What you are asked to do :: With the images removed, return every line below exactly as it reads.
##### Records provided #####
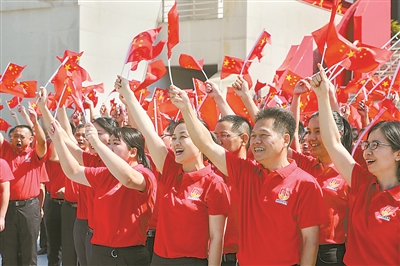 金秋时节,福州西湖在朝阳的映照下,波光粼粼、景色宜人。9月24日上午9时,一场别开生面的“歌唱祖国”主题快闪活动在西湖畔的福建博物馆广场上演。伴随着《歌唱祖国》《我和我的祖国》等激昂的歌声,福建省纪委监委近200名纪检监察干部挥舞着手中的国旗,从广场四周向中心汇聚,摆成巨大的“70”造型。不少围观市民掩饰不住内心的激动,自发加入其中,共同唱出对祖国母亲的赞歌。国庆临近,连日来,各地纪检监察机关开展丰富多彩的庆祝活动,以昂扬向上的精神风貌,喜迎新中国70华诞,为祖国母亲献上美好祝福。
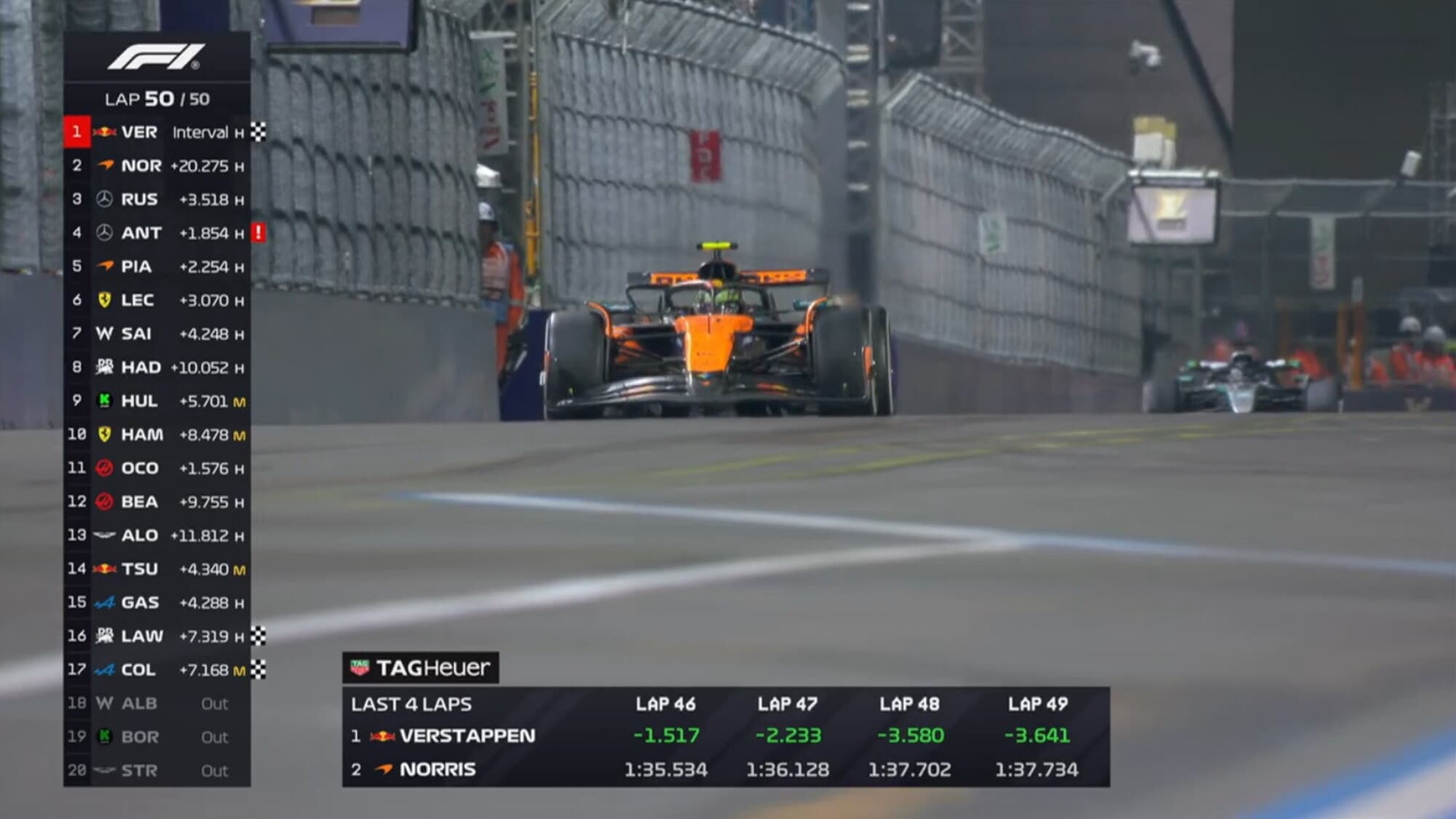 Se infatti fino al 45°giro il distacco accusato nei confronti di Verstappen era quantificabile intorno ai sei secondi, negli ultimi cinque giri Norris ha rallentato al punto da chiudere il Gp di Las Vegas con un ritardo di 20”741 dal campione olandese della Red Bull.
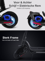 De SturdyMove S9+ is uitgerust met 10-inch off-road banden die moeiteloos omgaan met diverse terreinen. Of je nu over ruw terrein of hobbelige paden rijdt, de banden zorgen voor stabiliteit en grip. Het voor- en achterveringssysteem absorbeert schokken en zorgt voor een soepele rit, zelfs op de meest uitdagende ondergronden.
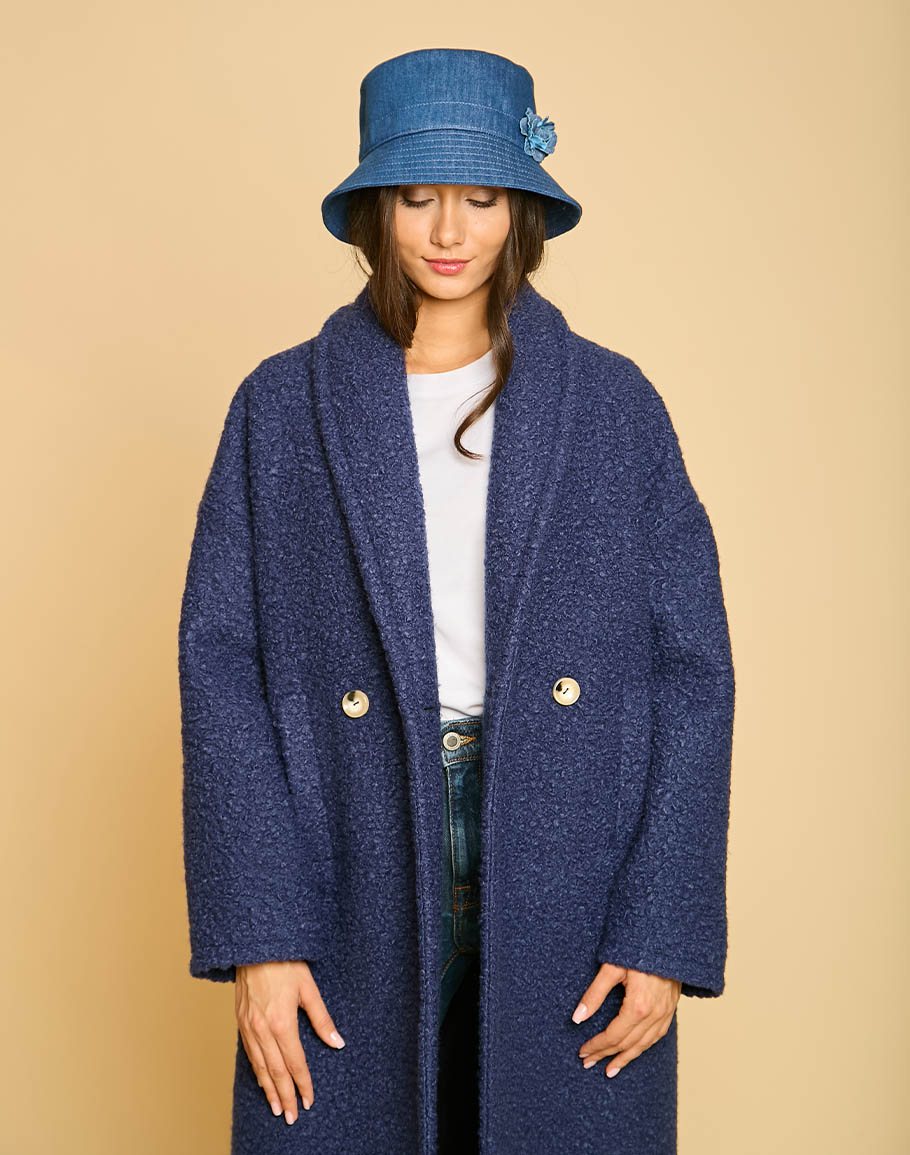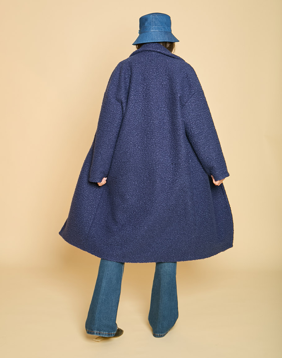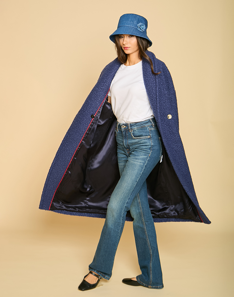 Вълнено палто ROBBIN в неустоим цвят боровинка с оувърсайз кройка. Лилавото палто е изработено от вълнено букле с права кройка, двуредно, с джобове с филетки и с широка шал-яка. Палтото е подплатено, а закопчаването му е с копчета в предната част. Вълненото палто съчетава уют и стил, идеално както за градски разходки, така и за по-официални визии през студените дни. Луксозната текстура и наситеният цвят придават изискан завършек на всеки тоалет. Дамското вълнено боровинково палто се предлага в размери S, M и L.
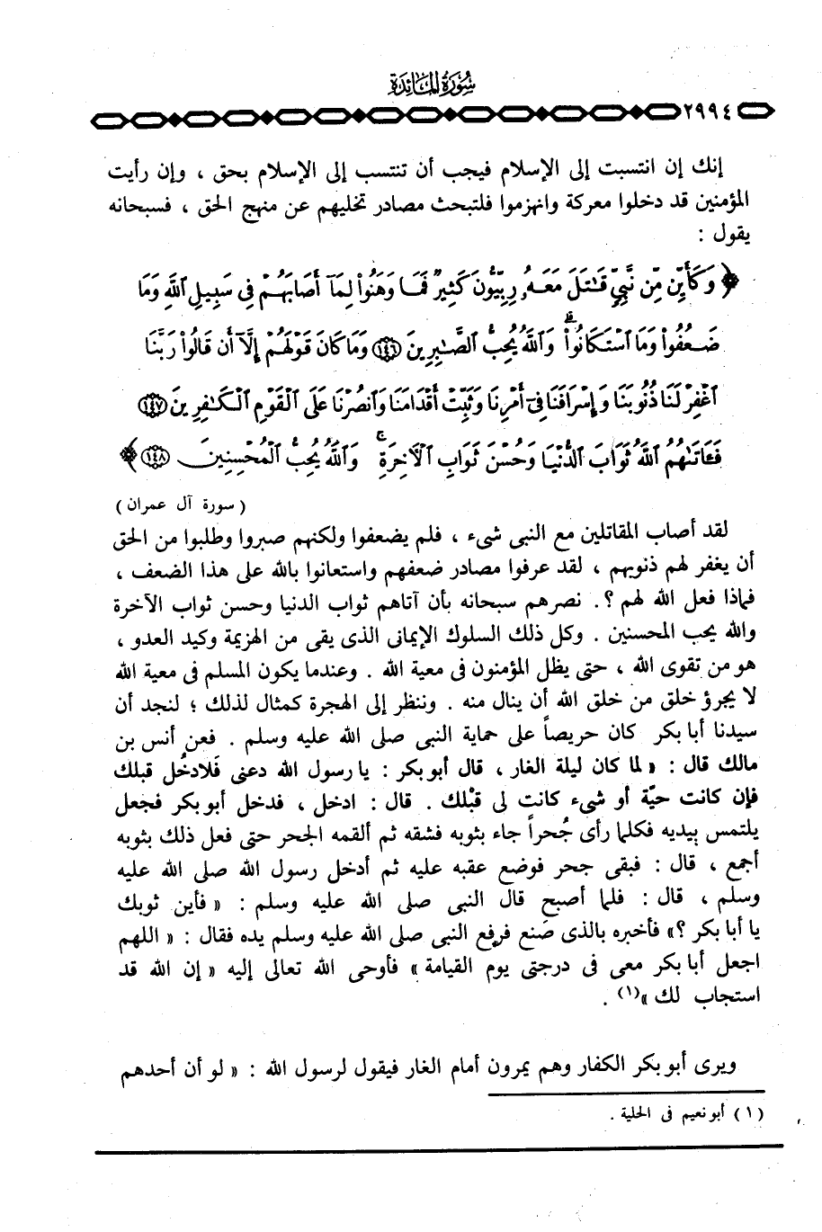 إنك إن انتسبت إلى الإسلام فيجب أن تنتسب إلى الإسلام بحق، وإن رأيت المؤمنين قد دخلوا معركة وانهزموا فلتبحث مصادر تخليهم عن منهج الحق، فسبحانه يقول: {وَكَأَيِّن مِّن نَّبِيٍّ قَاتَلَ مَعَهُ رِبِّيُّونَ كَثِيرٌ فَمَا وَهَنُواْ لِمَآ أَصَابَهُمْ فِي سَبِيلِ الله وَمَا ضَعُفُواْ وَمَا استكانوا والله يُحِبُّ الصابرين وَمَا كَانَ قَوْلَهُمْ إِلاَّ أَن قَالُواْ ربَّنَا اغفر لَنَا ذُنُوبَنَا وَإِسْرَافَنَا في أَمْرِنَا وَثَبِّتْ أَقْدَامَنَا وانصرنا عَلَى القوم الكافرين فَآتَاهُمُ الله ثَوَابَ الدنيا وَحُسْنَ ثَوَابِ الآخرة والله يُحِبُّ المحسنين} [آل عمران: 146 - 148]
#####
The answer ::
 金秋时节,福州西湖在朝阳的映照下,波光粼粼、景色宜人。9月24日上午9时,一场别开生面的“歌唱祖国”主题快闪活动在西湖畔的福建博物馆广场上演。伴随着《歌唱祖国》《我和我的祖国》等激昂的歌声,福建省纪委监委近200名纪检监察干部挥舞着手中的国旗,从广场四周向中心汇聚,摆成巨大的“70”造型。不少围观市民掩饰不住内心的激动,自发加入其中,共同唱出对祖国母亲的赞歌。国庆临近,连日来,各地纪检监察机关开展丰富多彩的庆祝活动,以昂扬向上的精神风貌,喜迎新中国70华诞,为祖国母亲献上美好祝福。
 Se infatti fino al 45°giro il distacco accusato nei confronti di Verstappen era quantificabile intorno ai sei secondi, negli ultimi cinque giri Norris ha rallentato al punto da chiudere il Gp di Las Vegas con un ritardo di 20”741 dal campione olandese della Red Bull.
 De SturdyMove S9+ is uitgerust met 10-inch off-road banden die moeiteloos omgaan met diverse terreinen. Of je nu over ruw terrein of hobbelige paden rijdt, de banden zorgen voor stabiliteit en grip. Het voor- en achterveringssysteem absorbeert schokken en zorgt voor een soepele rit, zelfs op de meest uitdagende ondergronden.
 Вълнено палто ROBBIN в неустоим цвят боровинка с оувърсайз кройка. Лилавото палто е изработено от вълнено букле с права кройка, двуредно, с джобове с филетки и с широка шал-яка. Палтото е подплатено, а закопчаването му е с копчета в предната част. Вълненото палто съчетава уют и стил, идеално както за градски разходки, така и за по-официални визии през студените дни. Луксозната текстура и наситеният цвят придават изискан завършек на всеки тоалет. Дамското вълнено боровинково палто се предлага в размери S, M и L.
 إنك إن انتسبت إلى الإسلام فيجب أن تنتسب إلى الإسلام بحق، وإن رأيت المؤمنين قد دخلوا معركة وانهزموا فلتبحث مصادر تخليهم عن منهج الحق، فسبحانه يقول: {وَكَأَيِّن مِّن نَّبِيٍّ قَاتَلَ مَعَهُ رِبِّيُّونَ كَثِيرٌ فَمَا وَهَنُواْ لِمَآ أَصَابَهُمْ فِي سَبِيلِ الله وَمَا ضَعُفُواْ وَمَا استكانوا والله يُحِبُّ الصابرين وَمَا كَانَ قَوْلَهُمْ إِلاَّ أَن قَالُواْ ربَّنَا اغفر لَنَا ذُنُوبَنَا وَإِسْرَافَنَا في أَمْرِنَا وَثَبِّتْ أَقْدَامَنَا وانصرنا عَلَى القوم الكافرين فَآتَاهُمُ الله ثَوَابَ الدنيا وَحُسْنَ ثَوَابِ الآخرة والله يُحِبُّ المحسنين} [آل عمران: 146 - 148]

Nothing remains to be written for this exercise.